The models are then arranged sequentially within the pipeline model definition:

model_name = 'serial-inference-' + timestamp_prefix
endpoint_name = 'serial-inference-ep-' + timestamp_prefix
sm_model = PipelineModel(name=model_name, role=role, models=[sparkml_model, xgb_model])

The inference pipeline is then deployed behind an endpoint for real-time inference by specifying the type and number of host ML instances:

sm_model.deploy(initial_instance_count=1, instance_type='ml.c4.xlarge', endpoint_name=endpoint_name)

The entire assembled inference pipeline can be considered a SageMaker model that you can use to make either real-time predictions or process batch transforms directly, without any external preprocessing. Within an inference pipeline model, SageMaker handles invocations as a sequence of HTTP requests originating from an external application. The first container in the pipeline handles the initial request, performs some processing, and then dispatches the intermediate response as a request to the second container in the pipeline. This happens for each container in the pipeline, and finally returns the final response to the calling client application.

SageMaker inference pipelines are fully managed. When the pipeline is deployed, SageMaker installs and runs all the defined containers on each of the Cloud de calcul élastique Amazon (Amazon EC2) instances provisioned as part of the endpoint or batch transform job. Furthermore, because the containers are co-located and hosted on the same EC2 instance, the overall pipeline latency is reduced.

Serial model ensemble using a SageMaker inference pipeline

An ensemble model is an approach in ML where multiple ML models are combined and used as part of the inference process to generate final inferences. The motivations for ensemble models could include improving accuracy, reducing model sensitivity to specific input features, and reducing single model bias, among others. In this post, we focus on the use cases related to a serial model ensemble, where multiple ML models are sequentially combined as part of a serial inference pipeline.

Let’s consider a specific example related to a serial model ensemble where we need to group a user’s uploaded images based on certain themes or topics. This pipeline could consist of three ML models:

Modèle 1 – Accepts an image as input and evaluates image quality based on image resolution, orientation, and more. This model then attempts to upscale the image quality and sends the processed images that meet a certain quality threshold to the next model (Model 2).
Modèle 2 – Accepts images validated through Model 1 and performs reconnaissance d'image to identify objects, places, people, text, and other custom actions and concepts in images. The output from Model 2 that contains identified objects is sent to Model 3.
Modèle 3 – Accepts the output from Model 2 and performs natural language processing (NLP) tasks such as topic modeling for grouping images together based on themes. For example, images could be grouped based on location or people identified. The output (groupings) is sent back to the client application.

The following diagram illustrates a reference pattern of how to implement multiple ML models hosted on a serial model ensemble using a SageMaker inference pipeline.

ml9154-model-ensemble

As discussed earlier, the SageMaker inference pipeline is managed, which enables you to focus on the ML model selection and development, while reducing the undifferentiated heavy lifting associated with building the serial ensemble pipeline.

Additionally, some of the considerations discussed earlier around decoupling, algorithm and framework choice for model development, and deployment are relevant here as well. For instance, because each model is hosted on a separate container, you have flexibility in selecting the ML framework that best fits each model and your overall use case. Furthermore, from a decoupling and operational standpoint, you can continue to upgrade or modify individual steps much more easily, without affecting other models.

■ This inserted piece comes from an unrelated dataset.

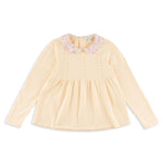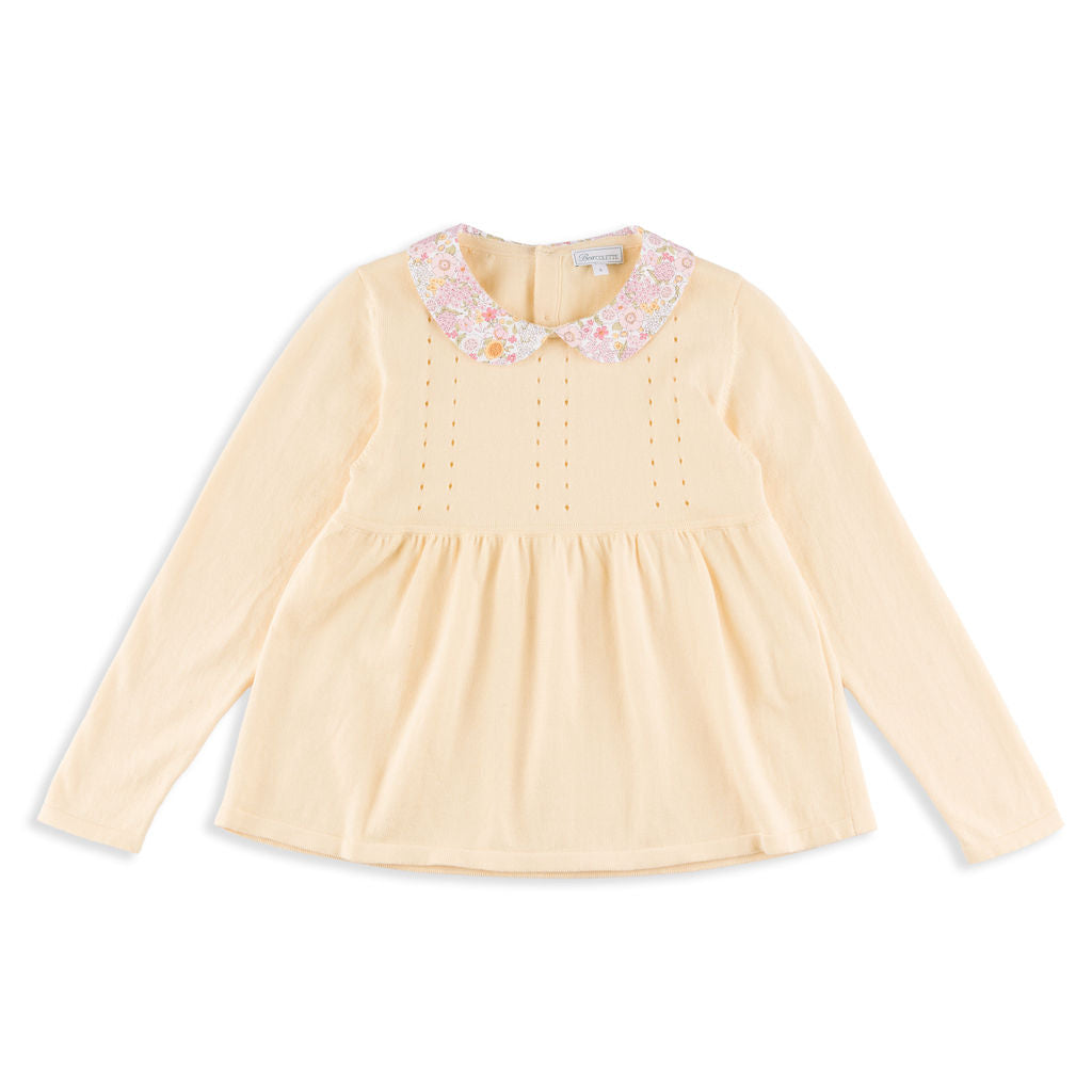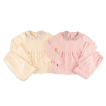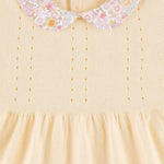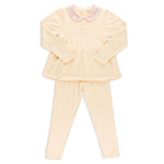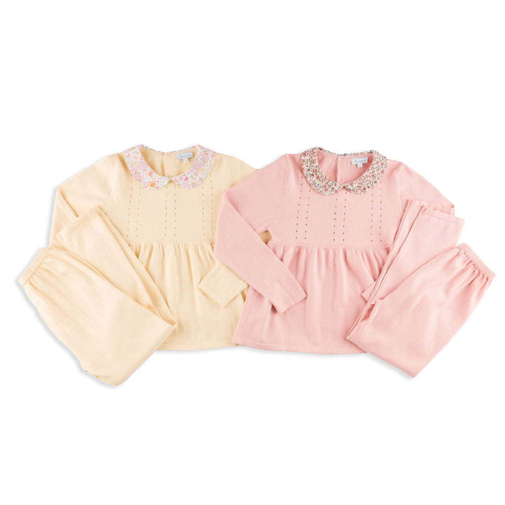 Meet the Belmonte Set: Sweet, soft, and thoughtfully designed, this two-piece knit set is crafted for all-day comfort with an elevated, timeless feel. The long-sleeve top features delicate pointelle detailing and a gently flared silhouette, finished with a charming floral Peter Pan collar for a polished touch. Paired with matching slim-fit pants, the Belmonte is an instant outfit—easy for everyday play yet refined enough for special moments. Available in soft pink and butter yellow, it brings warmth, softness, and classic European-inspired charm to your little one’s wardrobe.

The SageMaker inference pipeline is also integrated with the Registre de modèles SageMaker for model cataloging, versioning, metadata management, and governed deployment to production environments to support consistent operational best practices. The SageMaker inference pipeline is also integrated with Amazon Cloud Watch to enable monitoring the multi-container models in inference pipelines. You can also get visibility into métriques en temps réel to better understand invocations and latency for each container in the pipeline, which helps with troubleshooting and resource optimization.

Serial inference pipeline (with targeted model invocation from a group) using a SageMaker inference pipeline

Points de terminaison multimodèles SageMaker (MMEs) provide a cost-effective solution to deploy a large number of ML models behind a single endpoint. The motivations for using multi-model endpoints could include invocating a specific customized model based on request characteristics (such as origin, geographic location, user personalization, and so on) or simply hosting multiple models behind the same endpoint to achieve cost-optimization.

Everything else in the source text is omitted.